HOW TO COMPLETE THIS TASK =
Please copy exactly the lines from the first in the records through the line that contains "Angeboten wird eine", but not the pictures.

[Records drawn from a dataset]

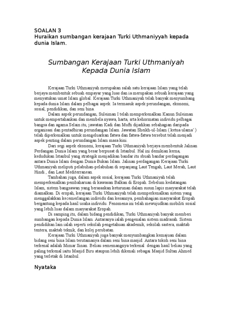 Sumbangan Kerajaan Turki Uthmaniyah Dalam Pembinaan Tamadun By Nurul Balqis
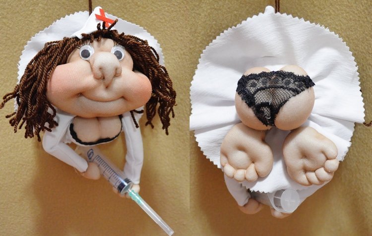 Существует масса вариантов, какую куклу изготовить. Несмотря на общий принцип, каждая игрушка получается абсолютно уникальной. Куклу можно использовать в качестве держателя для туалетной бумаги или в виде тематической игрушки, например, медсестры.
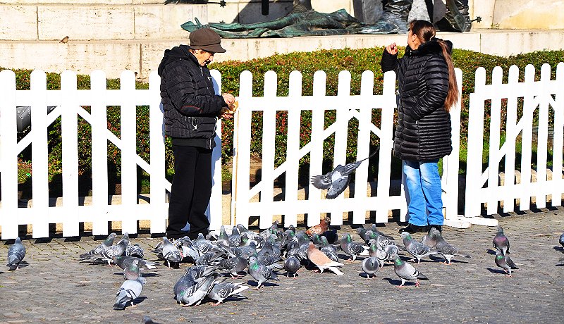 Hát, ez volna a pandémiát követő első igazán szabad, maszktalan kolozsvári karácsonyi vásár látlelete. Azonban egy igazi, békebeli, ha tetszik, múlt századi kép nélkül nem hagyhatjuk el a kincses főteret. A galambokat etető ember látványa békét teremt a zajtól, illatoktól, eget verő áraktól és többnyelvűségi paradoxonoktól enyhén megzavarodott lélekben. Melyhez hasonló békét kívánunk minden kedves Olvasónak!
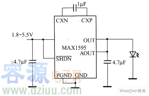 MAX1595電荷泵能夠通過1.8~5.5V的輸入電壓產生3.3V或5V電壓。它的獨特的控制結構允許對輸入電壓進行升壓或降壓轉換,并維持穩定的輸出電壓。由于其lMHz的開關頻率和獨特的控制結構,故可使用1μF的小尺寸陶瓷電
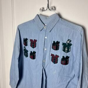 Vintage 90s Talbots Chambray Button Down Present Patch Cute Long Sleeve Shirt S
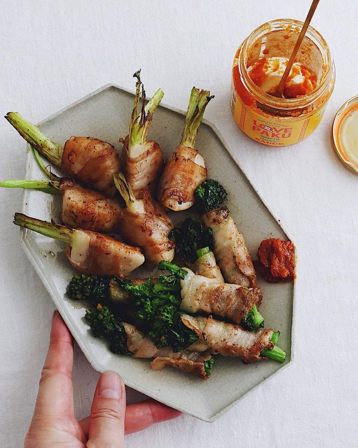 皮をむいてくし形切りにしたかぶと食べやすい長さにカットした菜の花に、薄切りの豚バラ肉を巻きつけて。
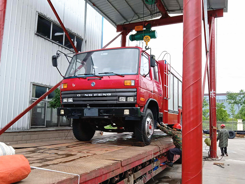 圖片為:兩臺東風救援消防車陸續開上平板車。發往目的地
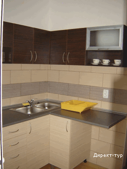APP 04 PRIZ: Первый этаж, две спальни с французской и раздельными кроватями, кухня, обеденная зона, ванная комната, 2 террасы. Кондиционер, кабельное телевидение, беспроводной интернет, холодильник, утюг, гладильная доска, фен. (53 м2)
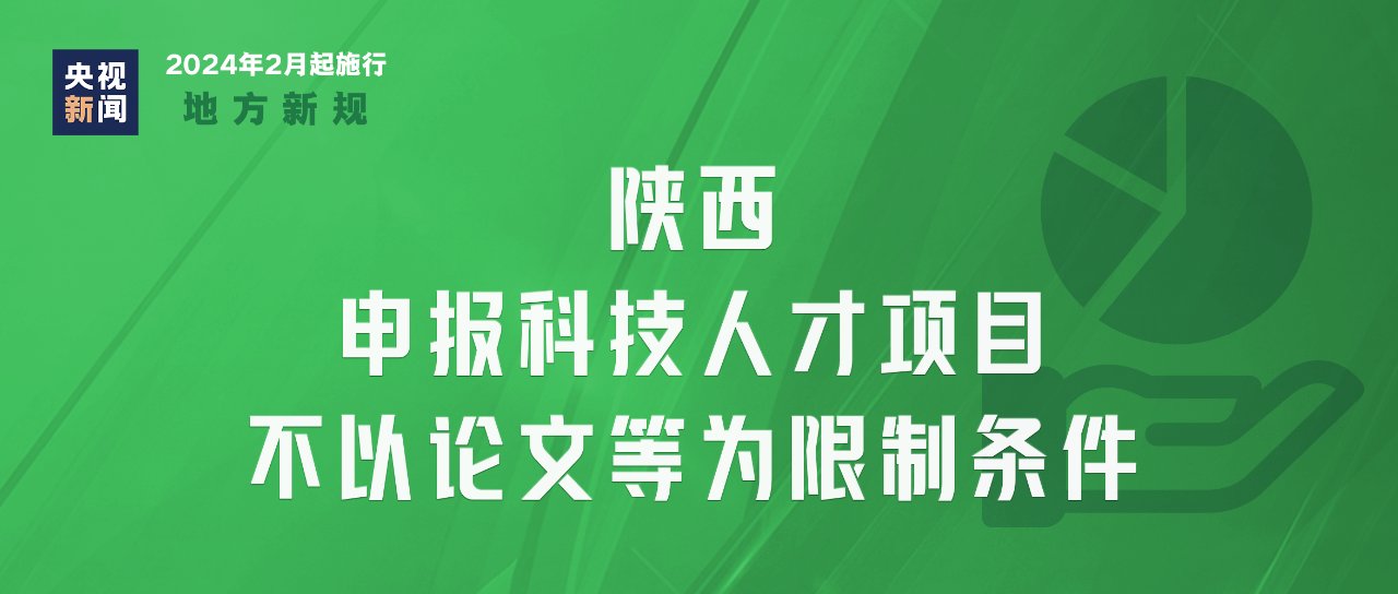 《陕西省科学技术进步条例》自2月1日起施行。条例明确,不以论文、职称、学历、奖励等作为申报科学技术人才项目的主要依据或者限制条件。
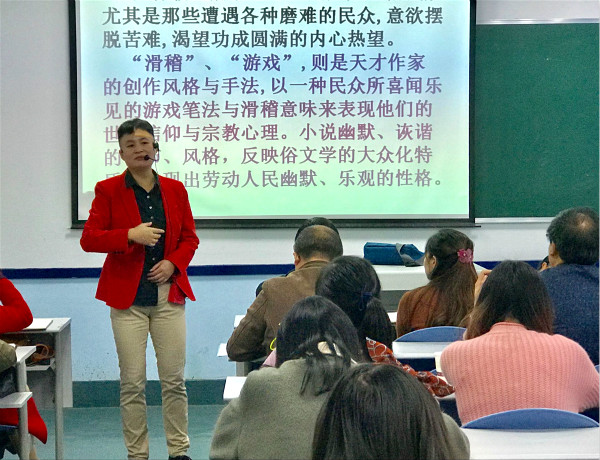 10月20日早上8点20分,内江师范学院副教授冯利华老师在第二教学楼103教室与小学语文组集训成员一起探讨古代文学的意义。
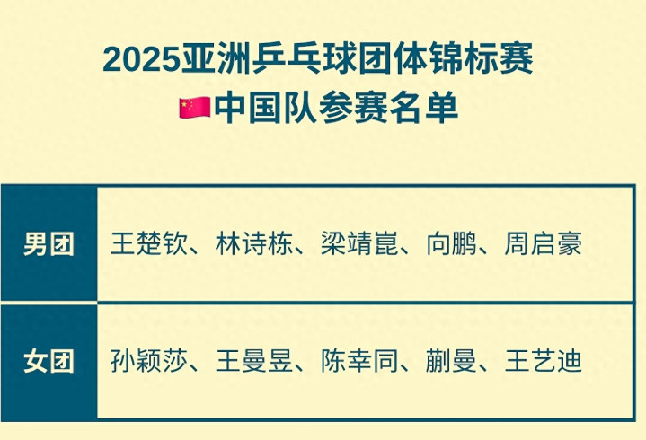 2025亚洲乒乓球锦标赛将于10月11日-10月15日在 印度布巴内斯瓦尔举行,9月21日晚,中国乒协公示了团体赛报名名单,具体如下——
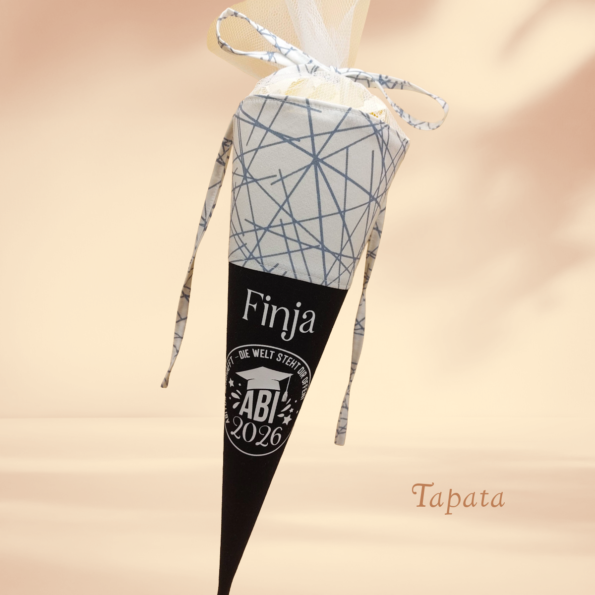 Angeboten wird eine kleine Schultüte mit einem passenden Spruch zum Abschluss(Abitur, Matura, Hochschulreife).
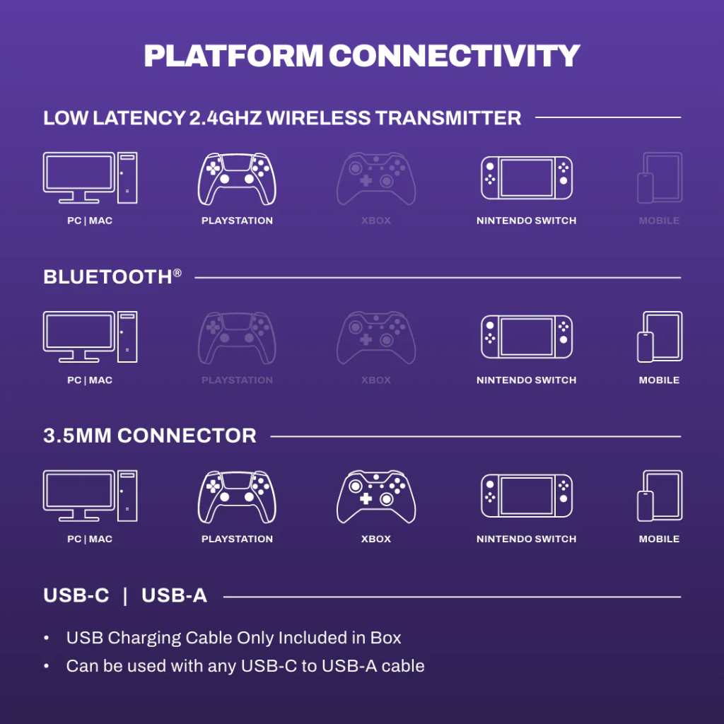 Transmisor inalámbrico de 2.4 GHz (incluido) - Los milisegundos importan. El transmisor inalámbrico de latencia ultra baja reduce drásticamente los retrasos de audio para los jugadores de PC y Playstation, hasta 20 milisegundos, y está diseñado específicamente para funcionar con los auriculares inalámbricos para juegos PLYR. Para Xbox, conecta el cable de 0.138 in incluido directamente en tu controlador.
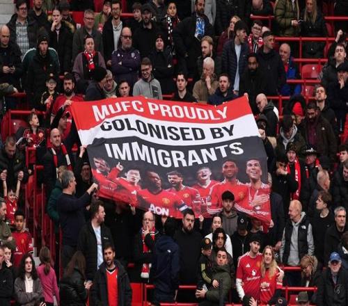 在拉特克利夫采访后的首个曼联主场赛事中,球迷打出醒目横幅:“曼联,自豪地被移民们‘殖民’”,并配上坎通纳、埃弗拉、朴智星、B费、索尔斯克亚、阿马德、卡塞米罗七位外籍球星的照片,直接回击老板的不当言论。

THE COMPLETED TASK =
 Sumbangan Kerajaan Turki Uthmaniyah Dalam Pembinaan Tamadun By Nurul Balqis
 Существует масса вариантов, какую куклу изготовить. Несмотря на общий принцип, каждая игрушка получается абсолютно уникальной. Куклу можно использовать в качестве держателя для туалетной бумаги или в виде тематической игрушки, например, медсестры.
 Hát, ez volna a pandémiát követő első igazán szabad, maszktalan kolozsvári karácsonyi vásár látlelete. Azonban egy igazi, békebeli, ha tetszik, múlt századi kép nélkül nem hagyhatjuk el a kincses főteret. A galambokat etető ember látványa békét teremt a zajtól, illatoktól, eget verő áraktól és többnyelvűségi paradoxonoktól enyhén megzavarodott lélekben. Melyhez hasonló békét kívánunk minden kedves Olvasónak!
 MAX1595電荷泵能夠通過1.8~5.5V的輸入電壓產生3.3V或5V電壓。它的獨特的控制結構允許對輸入電壓進行升壓或降壓轉換,并維持穩定的輸出電壓。由于其lMHz的開關頻率和獨特的控制結構,故可使用1μF的小尺寸陶瓷電
 Vintage 90s Talbots Chambray Button Down Present Patch Cute Long Sleeve Shirt S
 皮をむいてくし形切りにしたかぶと食べやすい長さにカットした菜の花に、薄切りの豚バラ肉を巻きつけて。
 圖片為:兩臺東風救援消防車陸續開上平板車。發往目的地
APP 04 PRIZ: Первый этаж, две спальни с французской и раздельными кроватями, кухня, обеденная зона, ванная комната, 2 террасы. Кондиционер, кабельное телевидение, беспроводной интернет, холодильник, утюг, гладильная доска, фен. (53 м2)
 《陕西省科学技术进步条例》自2月1日起施行。条例明确,不以论文、职称、学历、奖励等作为申报科学技术人才项目的主要依据或者限制条件。
 10月20日早上8点20分,内江师范学院副教授冯利华老师在第二教学楼103教室与小学语文组集训成员一起探讨古代文学的意义。
 2025亚洲乒乓球锦标赛将于10月11日-10月15日在 印度布巴内斯瓦尔举行,9月21日晚,中国乒协公示了团体赛报名名单,具体如下——
 Angeboten wird eine kleine Schultüte mit einem passenden Spruch zum Abschluss(Abitur, Matura, Hochschulreife).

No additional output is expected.